_Work required:_
Please output exactly the lines below, starting at the line that has "Pronti per i" and ending at the line that has "We use quality", both included; leave out all pictures and include nothing else.

_Input data:_
==============================

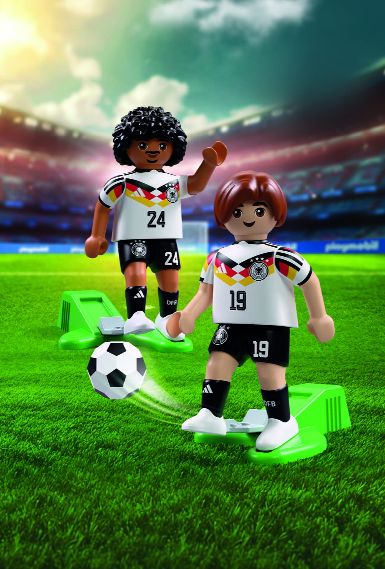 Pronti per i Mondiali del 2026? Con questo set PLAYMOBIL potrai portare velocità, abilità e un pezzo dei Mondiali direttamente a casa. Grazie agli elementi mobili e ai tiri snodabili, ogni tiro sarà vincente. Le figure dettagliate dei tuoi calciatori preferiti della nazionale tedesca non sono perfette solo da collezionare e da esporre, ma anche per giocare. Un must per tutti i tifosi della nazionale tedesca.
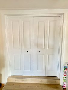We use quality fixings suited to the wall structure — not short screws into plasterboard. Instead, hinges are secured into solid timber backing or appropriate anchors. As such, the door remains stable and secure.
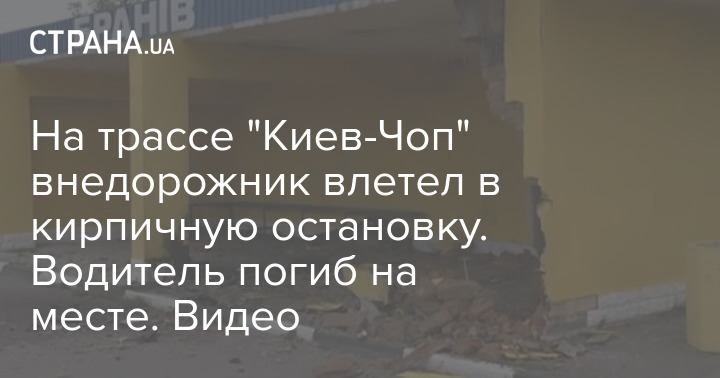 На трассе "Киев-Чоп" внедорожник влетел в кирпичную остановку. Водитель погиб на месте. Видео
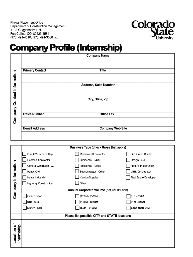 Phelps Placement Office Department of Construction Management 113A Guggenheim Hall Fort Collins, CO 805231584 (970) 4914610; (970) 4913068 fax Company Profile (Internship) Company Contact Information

==============================

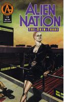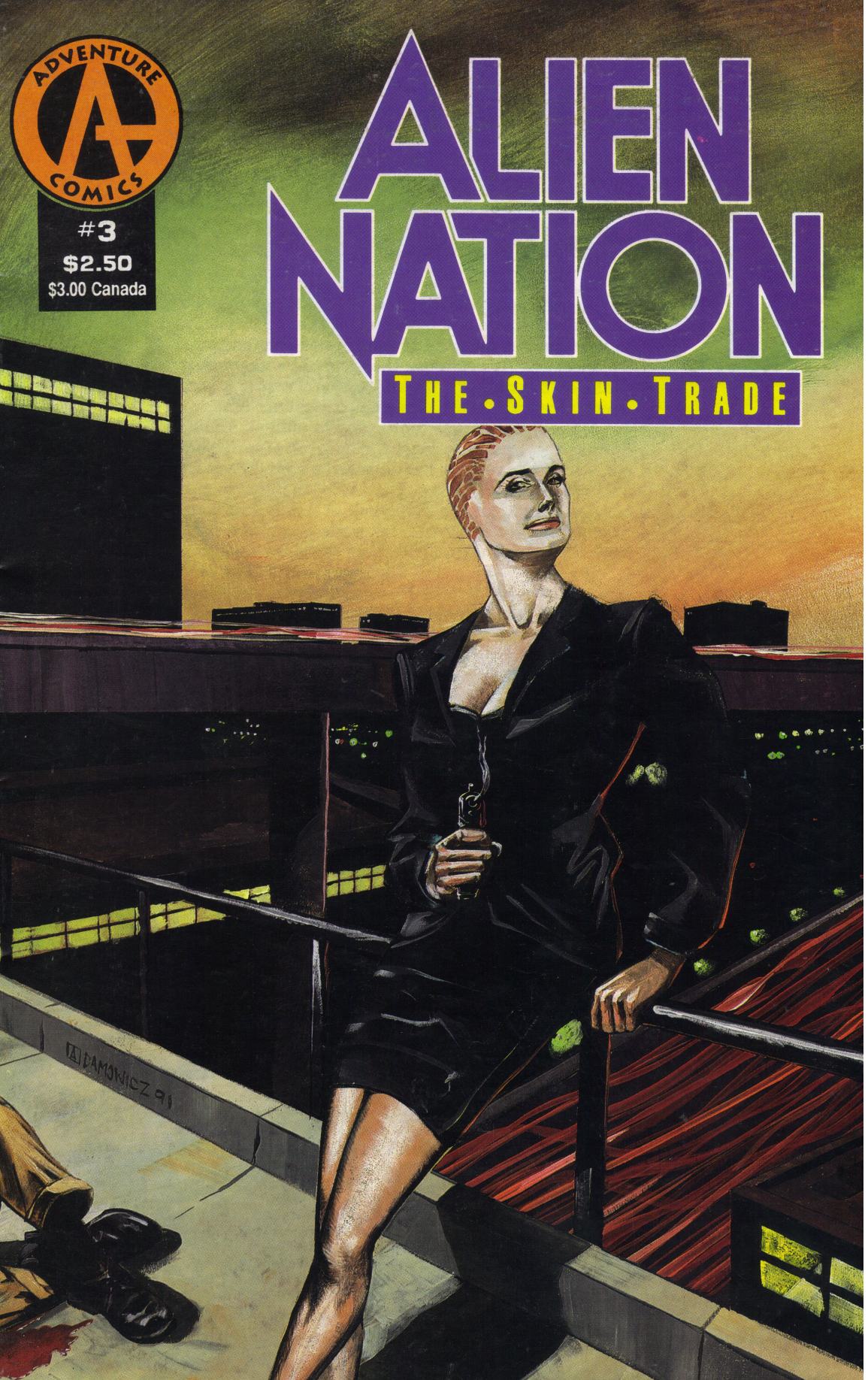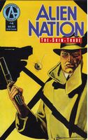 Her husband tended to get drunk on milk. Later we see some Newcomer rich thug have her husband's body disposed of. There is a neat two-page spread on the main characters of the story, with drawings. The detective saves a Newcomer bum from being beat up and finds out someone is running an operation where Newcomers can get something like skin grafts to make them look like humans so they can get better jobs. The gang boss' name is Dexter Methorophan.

==============================

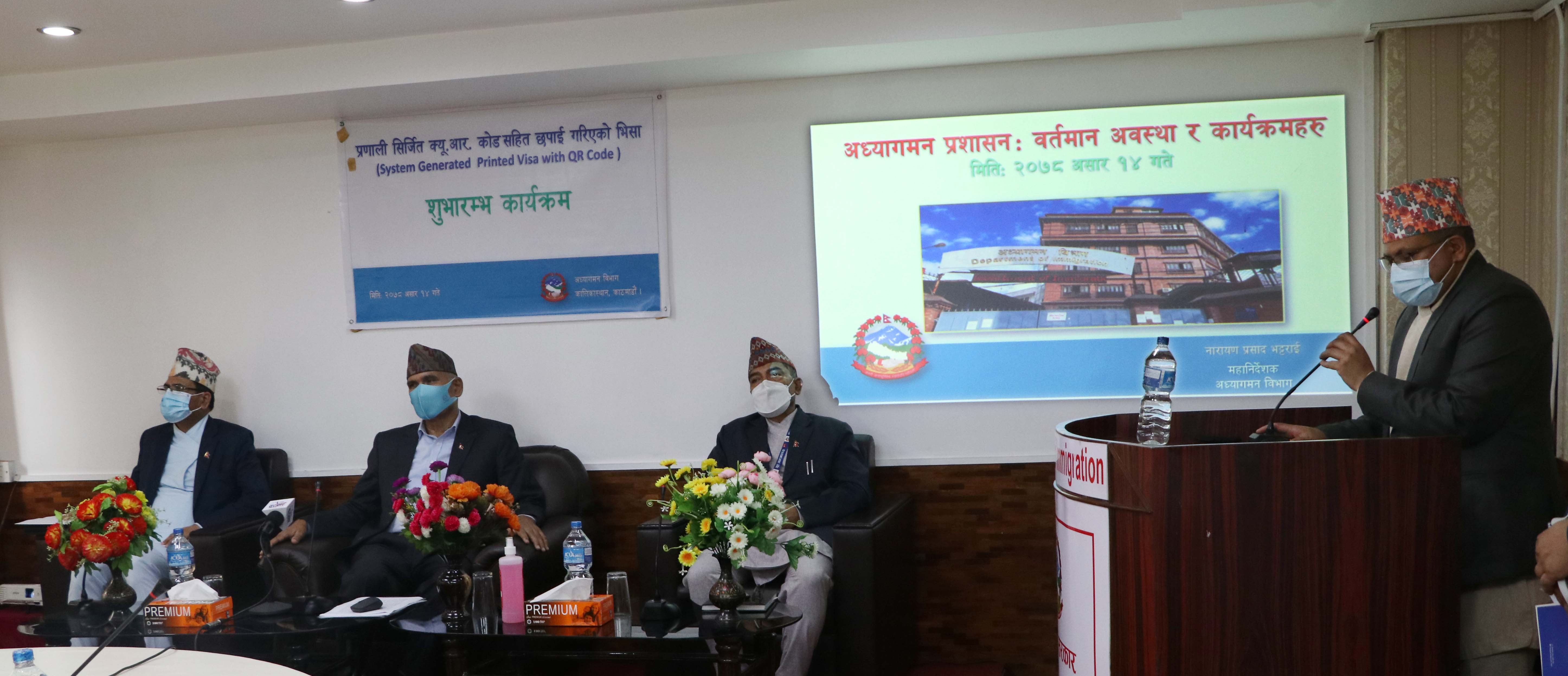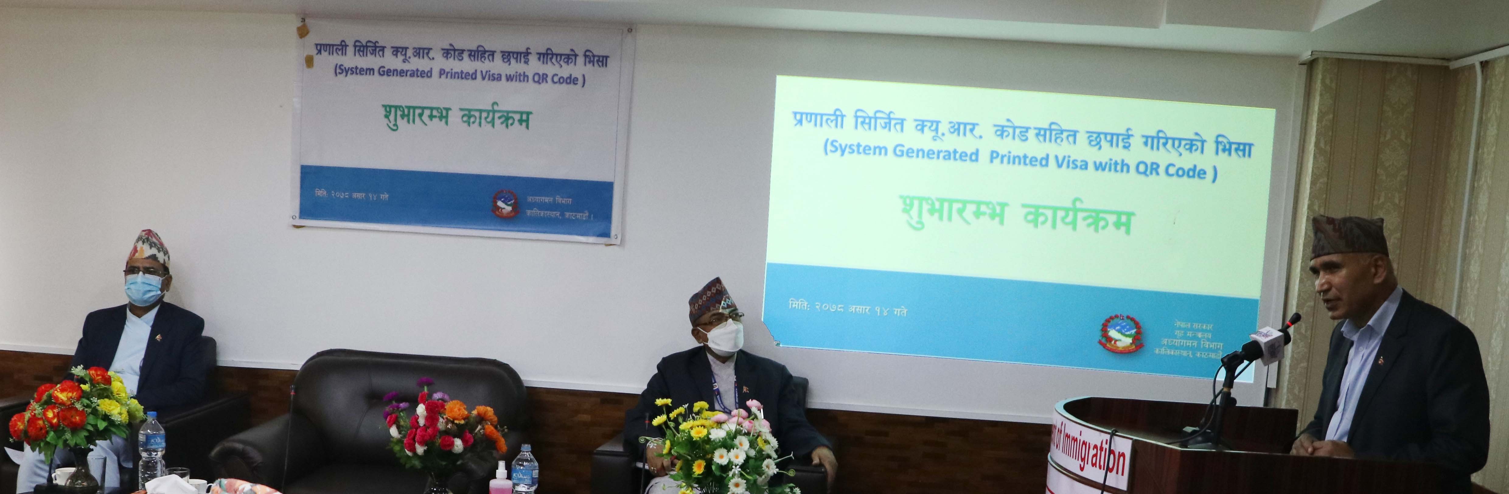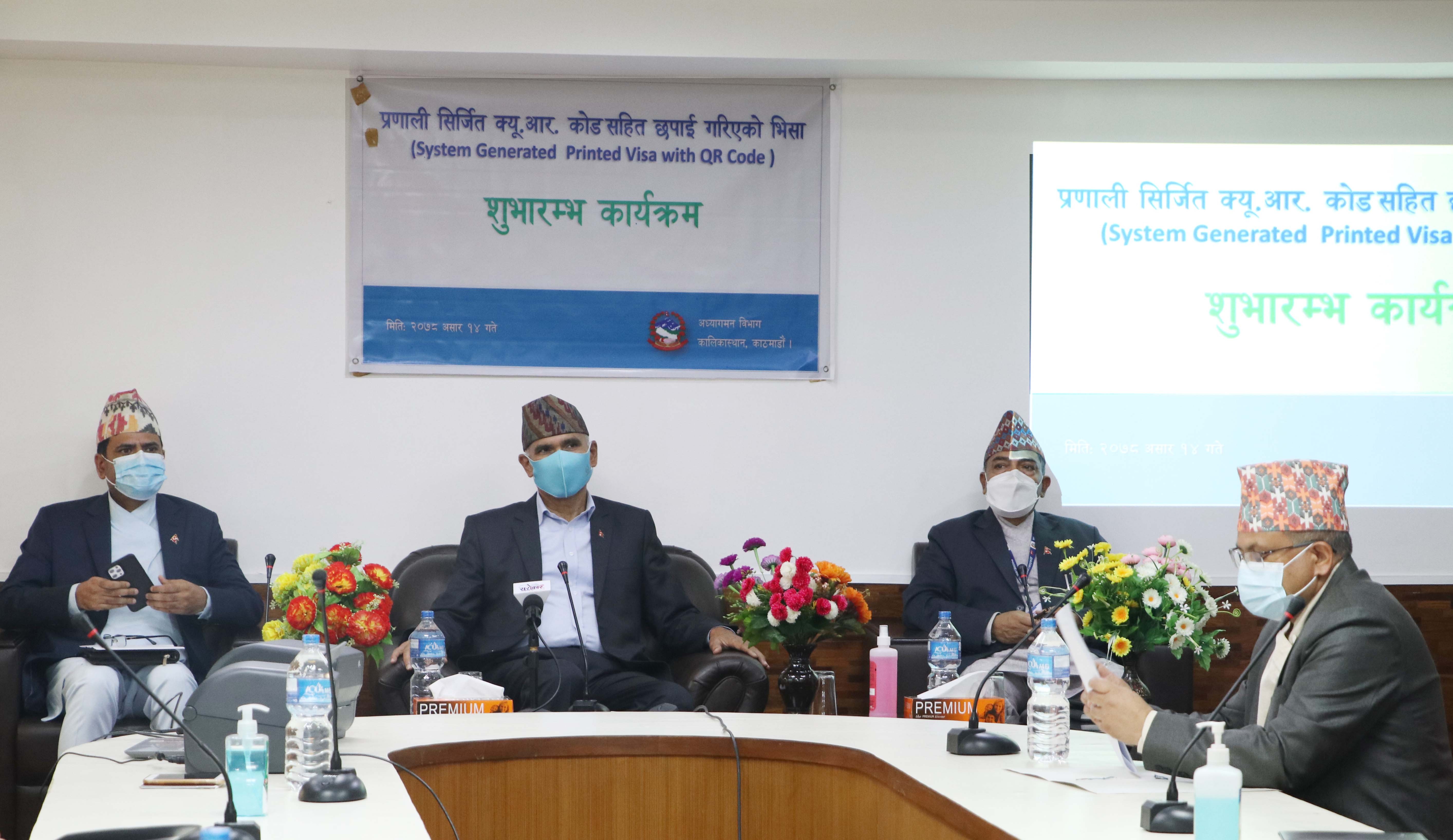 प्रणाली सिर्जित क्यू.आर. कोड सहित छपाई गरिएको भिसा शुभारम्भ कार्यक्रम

==============================

_Exercise result:_
 Pronti per i Mondiali del 2026? Con questo set PLAYMOBIL potrai portare velocità, abilità e un pezzo dei Mondiali direttamente a casa. Grazie agli elementi mobili e ai tiri snodabili, ogni tiro sarà vincente. Le figure dettagliate dei tuoi calciatori preferiti della nazionale tedesca non sono perfette solo da collezionare e da esporre, ma anche per giocare. Un must per tutti i tifosi della nazionale tedesca.
We use quality fixings suited to the wall structure — not short screws into plasterboard. Instead, hinges are secured into solid timber backing or appropriate anchors. As such, the door remains stable and secure.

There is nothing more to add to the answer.